Repeat exactly, and only, the lines from the line bearing "3) 直線形托板庫(kù)F" through the end of the material. Do not copy the pictures.
--- DATASET CONTENT Enclosed Below ---
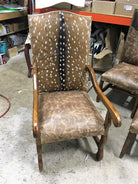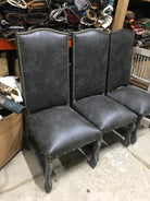 These dining chairs boast an embossed leather with a cowboy tool pattern with shimmering hints of metallic bronze highlights giving a profound, rich color that flickers to the surface through its multiple layers of finishing waxes. To complete the chair, a hardwood frame and a premium high-density foam cushion core provides lasting durability and comfort for everyday use. Best as a dynamic set, these dining chairs are hand made classics just for you.
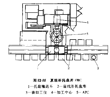 3) 直線形托板庫(kù)FMC,如圖52-55所示。相當(dāng)于上述的圓形托板庫(kù)展成直線形,托板輸送裝置常為有軌小車(chē),這種單元的優(yōu)點(diǎn)是具有擴(kuò)展性,需要時(shí)可增加加工設(shè)備,加長(zhǎng)運(yùn)輸軌道和托板庫(kù),擴(kuò)展成更大的FMC或其他柔性制造系統(tǒng)。
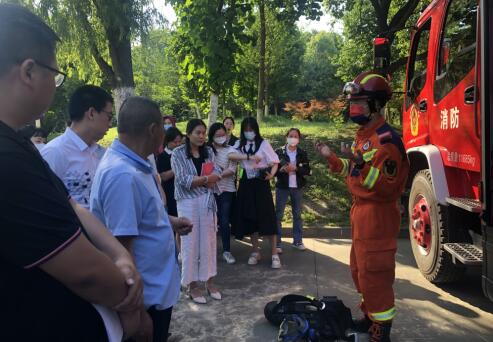 在消防器材展示环节中,消防员耐心细致的讲解了抢险救援服、空气呼吸器、切割机、破拆工具组等消防装备器材的使用方法,并邀请教职工现场体验了消防救援及灭火装备。
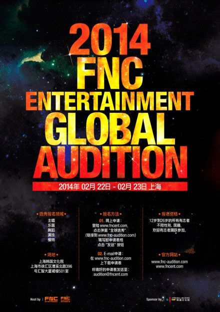 FNC Ent的首次全球选秀将于2014年2月22日到23日在上海举行。.进行网上报名/ 也可用e-mail发送报名表格来申请,请大家多多支持。
--- End of Enclosed DATASET CONTENT ---
» **TASK OUTPUT**:
 3) 直線形托板庫(kù)FMC,如圖52-55所示。相當(dāng)于上述的圓形托板庫(kù)展成直線形,托板輸送裝置常為有軌小車(chē),這種單元的優(yōu)點(diǎn)是具有擴(kuò)展性,需要時(shí)可增加加工設(shè)備,加長(zhǎng)運(yùn)輸軌道和托板庫(kù),擴(kuò)展成更大的FMC或其他柔性制造系統(tǒng)。
 在消防器材展示环节中,消防员耐心细致的讲解了抢险救援服、空气呼吸器、切割机、破拆工具组等消防装备器材的使用方法,并邀请教职工现场体验了消防救援及灭火装备。
 FNC Ent的首次全球选秀将于2014年2月22日到23日在上海举行。.进行网上报名/ 也可用e-mail发送报名表格来申请,请大家多多支持。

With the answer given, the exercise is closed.